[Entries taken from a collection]
-------

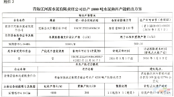 青海宏扬水泥有限责任公司4000t/d熟料线补充250t/d产能,产能指标来自青海江河源水泥有限责任公司1000t/d熟料线的500t/d产能,置换比例2:1。
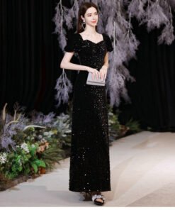 Off the shoulder black evening dress affordable a line sparkly glitter floor length zipper formal prom dress 2021 wholesale online.
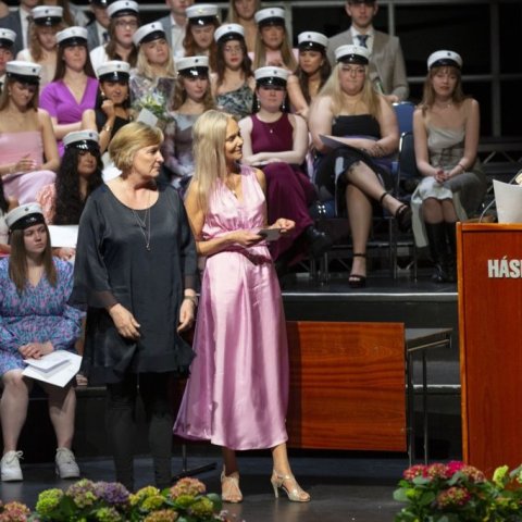 Ásdís Arnalds aðstoðarskólameistari flutti einnig ávarp og hvatti nemendur til að leggja áherslu á góðmennsku framar öllu öðru í lífinu og vísaði í fallega sögu Astrid Lindgren um bræðurna Ljónshjarta. Fráfarandi forseti nemendafélagsins, Embla María Möller Atladóttir, flutti ávarp nýstúdents og Ásdís Ingólfsdóttir flutti ávarp fyrir hönd 50 ára útskriftarárgangs skólans. Hún og Svanhildur Agnarsdóttir færðu skólanum gjöf af sama tilefni. Svo skemmtilega vill til að þær hafa báðar starfað við Kvennaskólann í áratugi en ætla á vit nýrra ævintýra í haust.
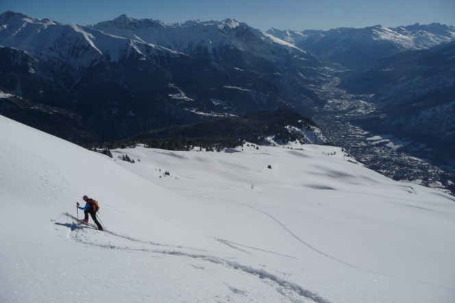 Cette boucle me fais penser à l'Infernet, bien que moins raide, descente toute aussi longue avec une montée paisible au soleil et une descente en bonne neige l'autre coté et arrivé presque sur l'autoroute en bas. Les 50 premiers mètres sont raide, après ça se calme vite, pas de ressaut en ce moment et tout bon jusqu'en bas.
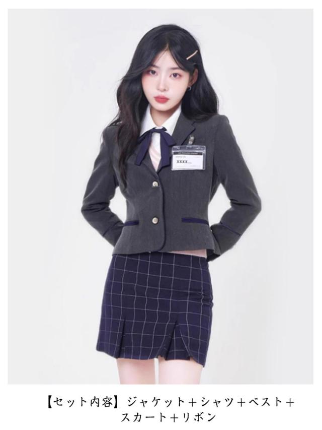 セットアップ 制服 スーツ 卒業式 韓国 女の子 スクール制服 卒業式 ジュニア上下セット 高校生 制服 学生服 スーツ ブレザー 女子高校生 シャツ 女子高校生 フォーマルスーツ セット 5点セット 長袖 スカートスーツ リボン 卒業式 送料無料
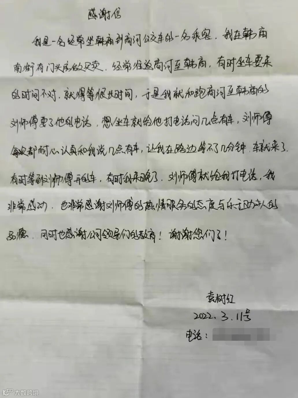 袁女士在韩庙街头有门头房做买卖,经常往返商河至韩庙,有时错过一班车就会等很长时间,于是她就向商河至韩庙线路的驾驶员刘继升师傅要了联系方式,想坐车就询问刘师傅几点有车,刘师傅每次都耐心的回答。有时等到刘师傅的班次,袁女士来晚了,刘师傅就给袁女士打电话,袁女士非常感动,也非常感谢刘师傅的热情服务的态度与乐于助人的品德,特地为刘师傅写了一封感谢信,表达谢意。

-------

● Exercise details
Without the pictures, set down every entry exactly.

● Exercise response
 青海宏扬水泥有限责任公司4000t/d熟料线补充250t/d产能,产能指标来自青海江河源水泥有限责任公司1000t/d熟料线的500t/d产能,置换比例2:1。
 Off the shoulder black evening dress affordable a line sparkly glitter floor length zipper formal prom dress 2021 wholesale online.
 Ásdís Arnalds aðstoðarskólameistari flutti einnig ávarp og hvatti nemendur til að leggja áherslu á góðmennsku framar öllu öðru í lífinu og vísaði í fallega sögu Astrid Lindgren um bræðurna Ljónshjarta. Fráfarandi forseti nemendafélagsins, Embla María Möller Atladóttir, flutti ávarp nýstúdents og Ásdís Ingólfsdóttir flutti ávarp fyrir hönd 50 ára útskriftarárgangs skólans. Hún og Svanhildur Agnarsdóttir færðu skólanum gjöf af sama tilefni. Svo skemmtilega vill til að þær hafa báðar starfað við Kvennaskólann í áratugi en ætla á vit nýrra ævintýra í haust.
 Cette boucle me fais penser à l'Infernet, bien que moins raide, descente toute aussi longue avec une montée paisible au soleil et une descente en bonne neige l'autre coté et arrivé presque sur l'autoroute en bas. Les 50 premiers mètres sont raide, après ça se calme vite, pas de ressaut en ce moment et tout bon jusqu'en bas.
 セットアップ 制服 スーツ 卒業式 韓国 女の子 スクール制服 卒業式 ジュニア上下セット 高校生 制服 学生服 スーツ ブレザー 女子高校生 シャツ 女子高校生 フォーマルスーツ セット 5点セット 長袖 スカートスーツ リボン 卒業式 送料無料
 袁女士在韩庙街头有门头房做买卖,经常往返商河至韩庙,有时错过一班车就会等很长时间,于是她就向商河至韩庙线路的驾驶员刘继升师傅要了联系方式,想坐车就询问刘师傅几点有车,刘师傅每次都耐心的回答。有时等到刘师傅的班次,袁女士来晚了,刘师傅就给袁女士打电话,袁女士非常感动,也非常感谢刘师傅的热情服务的态度与乐于助人的品德,特地为刘师傅写了一封感谢信,表达谢意。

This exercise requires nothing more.